Restate word for word the lines below that run from the one holding "정교한 테일러링이 돋보이는 더블버튼 핸드메이드 롱 코트입니다." through the one holding "朝の綺麗な富士山鵠沼海岸には", inclusive. Pictures don't belong in the copy.
── Data shown
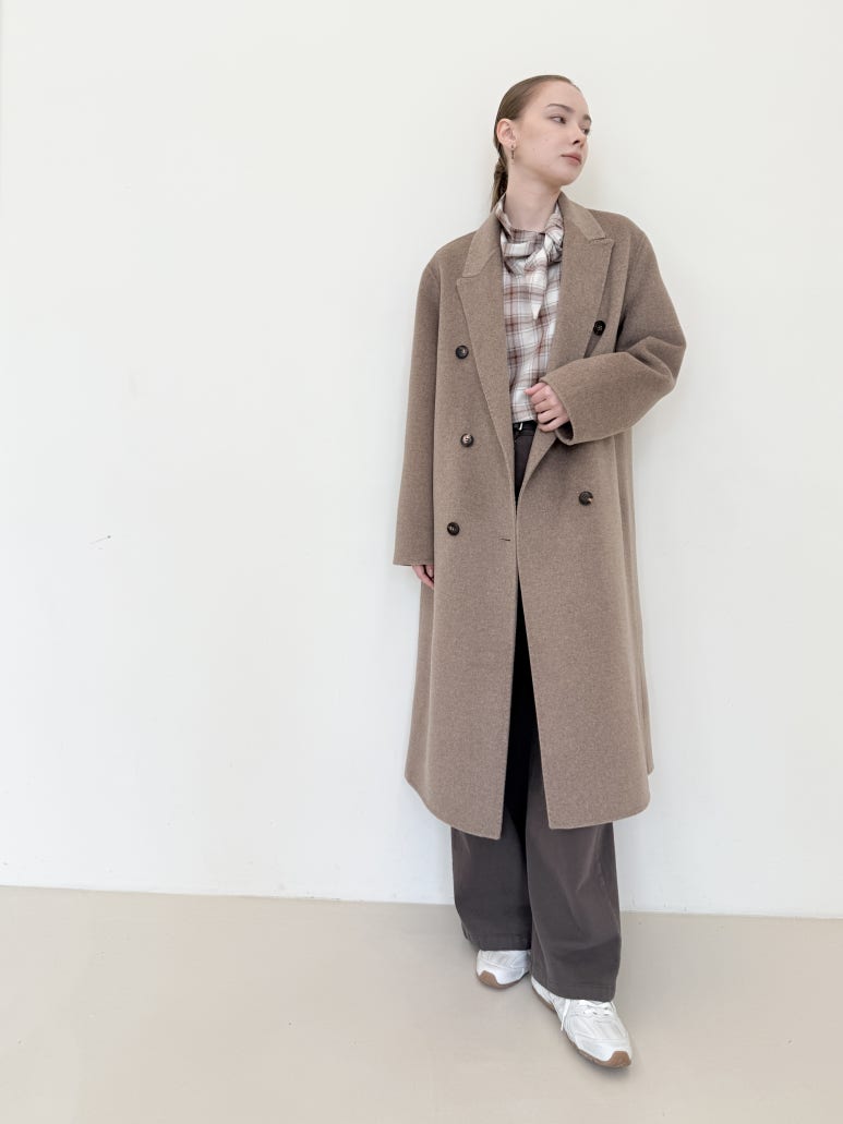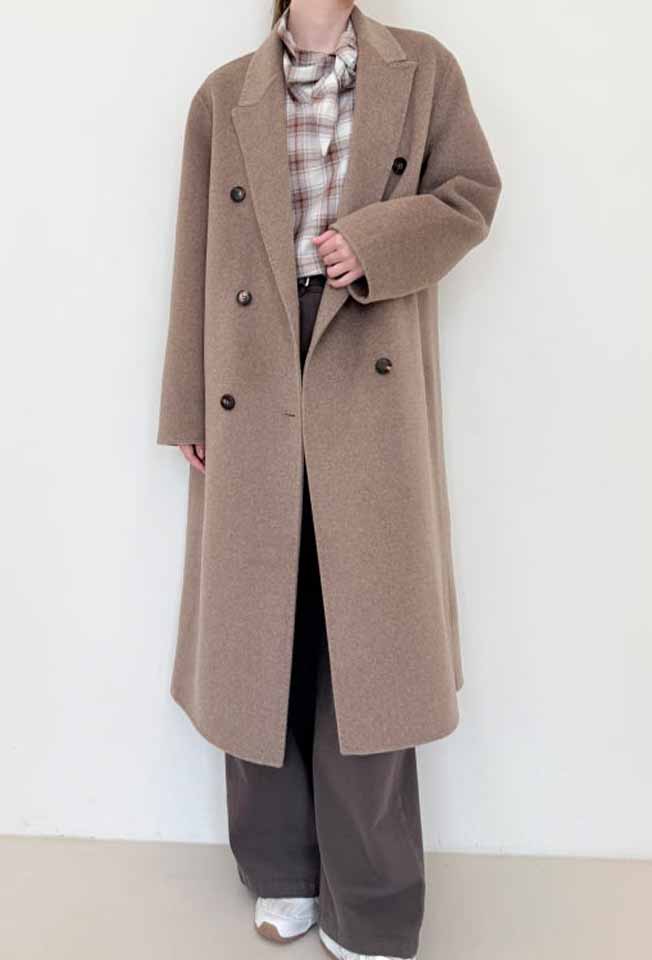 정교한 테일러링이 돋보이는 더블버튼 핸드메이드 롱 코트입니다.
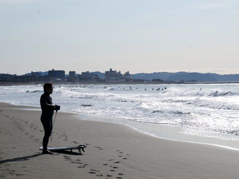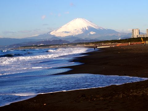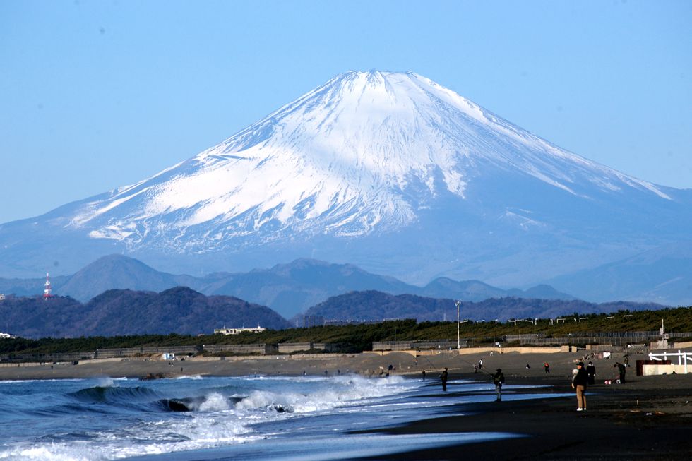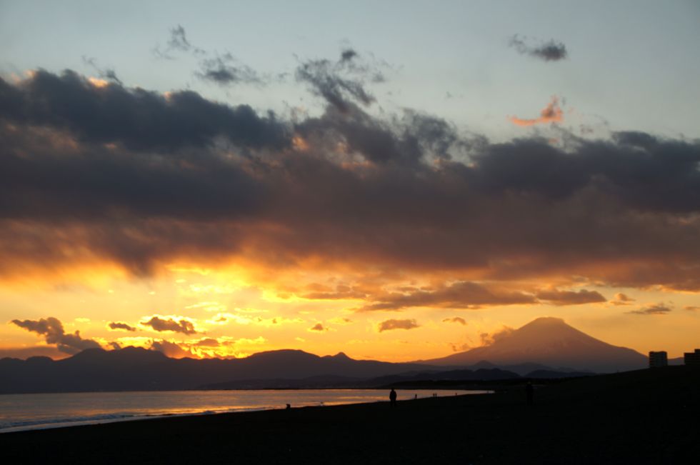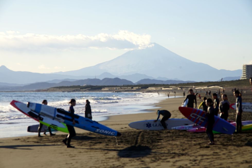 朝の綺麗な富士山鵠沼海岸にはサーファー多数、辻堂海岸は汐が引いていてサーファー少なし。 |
────
── Data shown
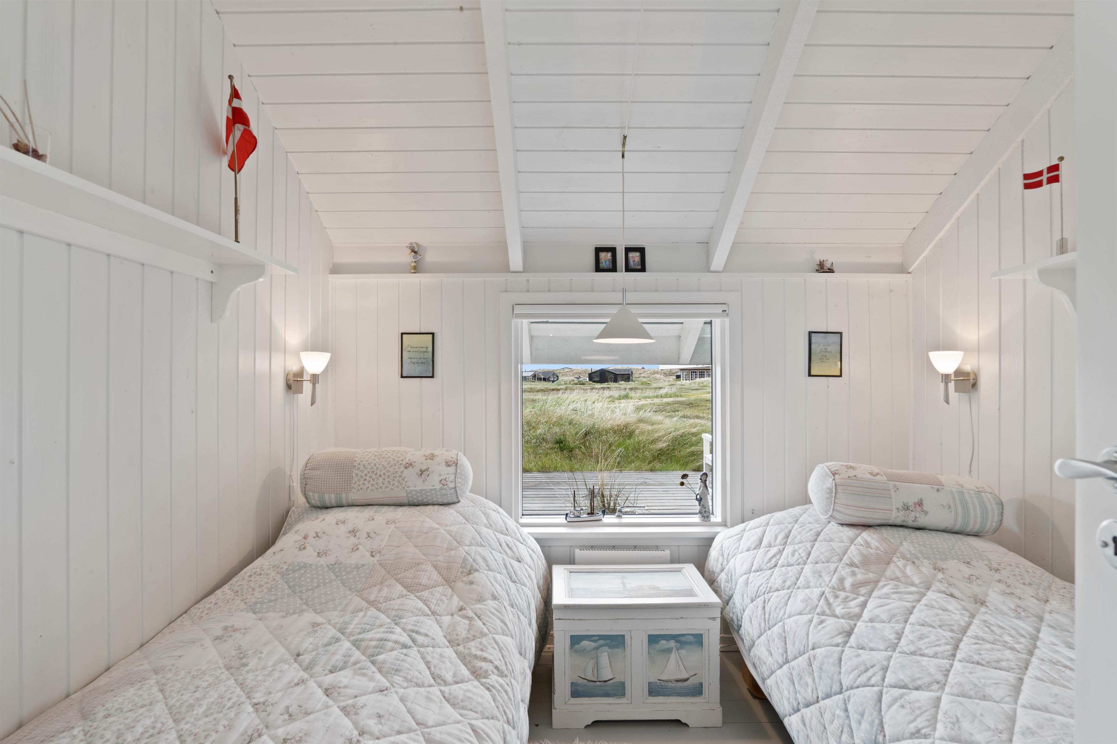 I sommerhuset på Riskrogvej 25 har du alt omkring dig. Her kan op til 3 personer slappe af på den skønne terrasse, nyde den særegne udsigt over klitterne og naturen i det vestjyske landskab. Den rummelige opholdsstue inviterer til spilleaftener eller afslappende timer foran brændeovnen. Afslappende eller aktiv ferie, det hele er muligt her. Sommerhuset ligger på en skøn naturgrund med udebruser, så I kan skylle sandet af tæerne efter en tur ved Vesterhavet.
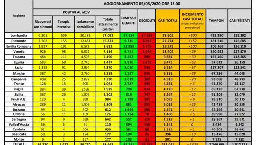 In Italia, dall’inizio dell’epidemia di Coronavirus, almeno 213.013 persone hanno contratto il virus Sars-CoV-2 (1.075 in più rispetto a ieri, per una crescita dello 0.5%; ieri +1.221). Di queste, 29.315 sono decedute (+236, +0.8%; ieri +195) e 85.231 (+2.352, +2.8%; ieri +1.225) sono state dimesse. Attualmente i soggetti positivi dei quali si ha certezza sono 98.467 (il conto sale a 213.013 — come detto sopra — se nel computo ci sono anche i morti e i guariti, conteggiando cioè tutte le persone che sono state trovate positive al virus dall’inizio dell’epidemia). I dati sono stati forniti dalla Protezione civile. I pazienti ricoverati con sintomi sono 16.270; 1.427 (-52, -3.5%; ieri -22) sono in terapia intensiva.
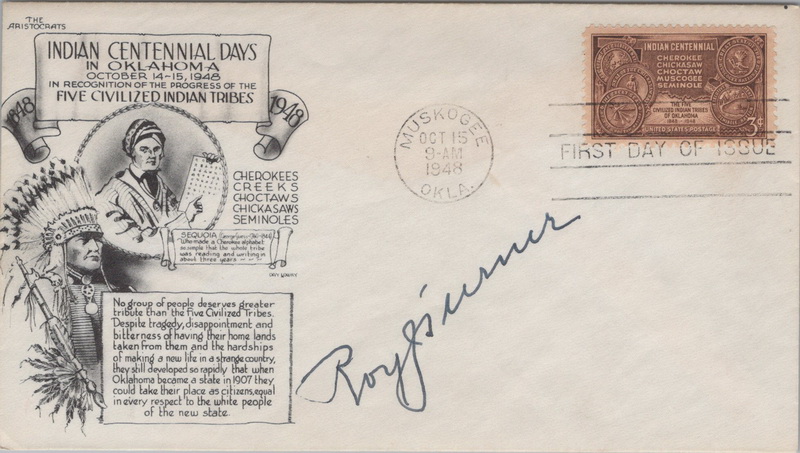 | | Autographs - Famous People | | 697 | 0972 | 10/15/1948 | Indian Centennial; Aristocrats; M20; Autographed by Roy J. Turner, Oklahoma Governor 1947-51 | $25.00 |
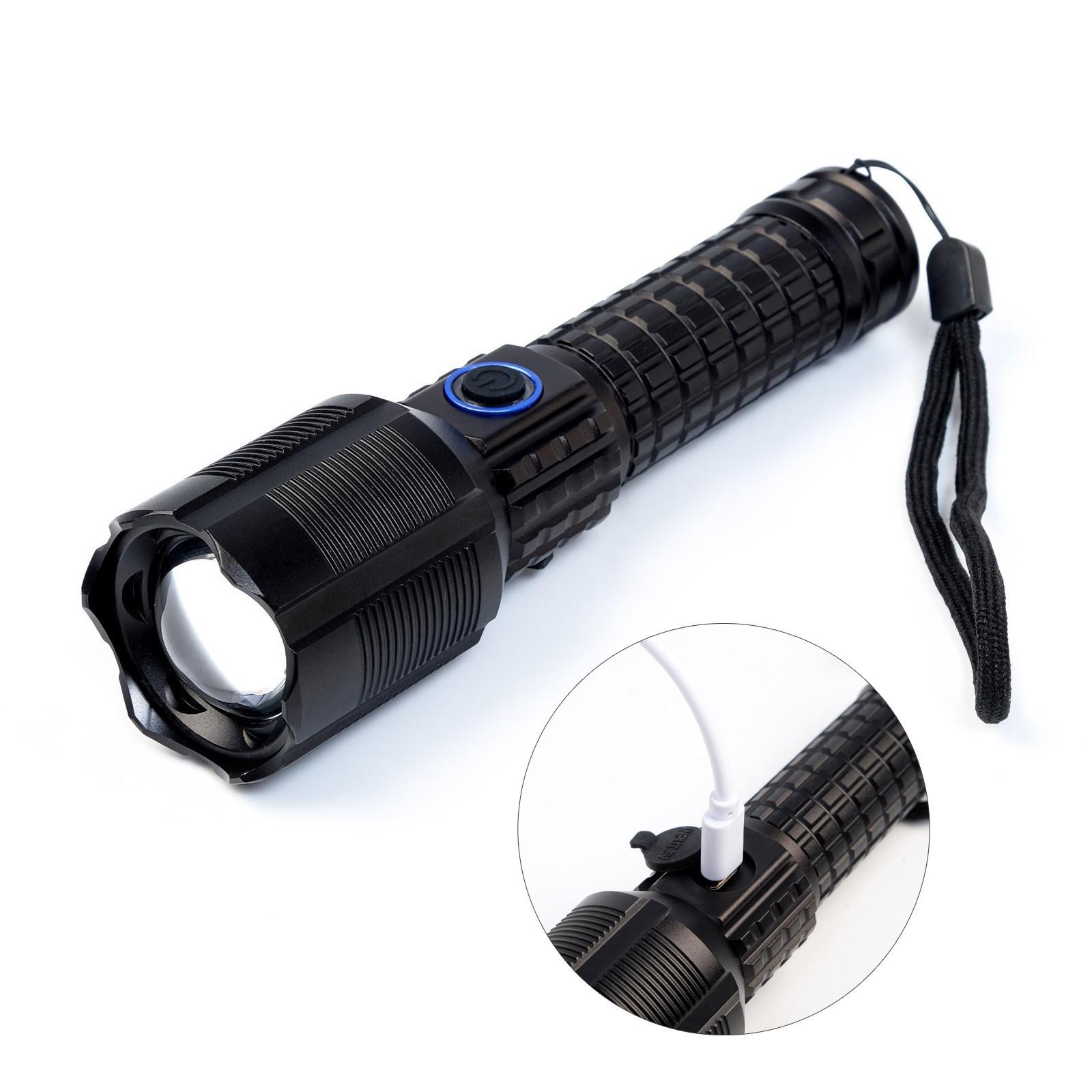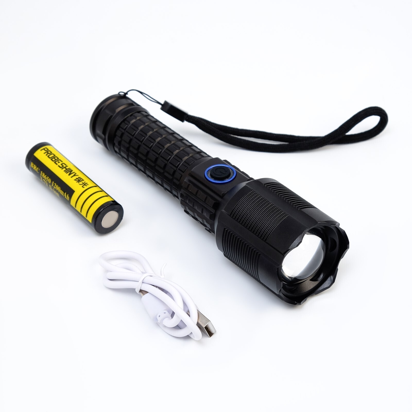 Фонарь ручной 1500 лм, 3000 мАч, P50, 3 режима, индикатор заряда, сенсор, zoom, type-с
────
── Data shown
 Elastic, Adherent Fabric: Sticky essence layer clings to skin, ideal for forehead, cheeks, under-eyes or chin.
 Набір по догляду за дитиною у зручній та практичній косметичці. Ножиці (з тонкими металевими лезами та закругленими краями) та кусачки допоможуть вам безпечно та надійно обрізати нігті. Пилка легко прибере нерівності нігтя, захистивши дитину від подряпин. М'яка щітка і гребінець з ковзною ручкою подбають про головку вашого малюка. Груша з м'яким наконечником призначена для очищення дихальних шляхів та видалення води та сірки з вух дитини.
────
Result »
 정교한 테일러링이 돋보이는 더블버튼 핸드메이드 롱 코트입니다.
 朝の綺麗な富士山鵠沼海岸にはサーファー多数、辻堂海岸は汐が引いていてサーファー少なし。 |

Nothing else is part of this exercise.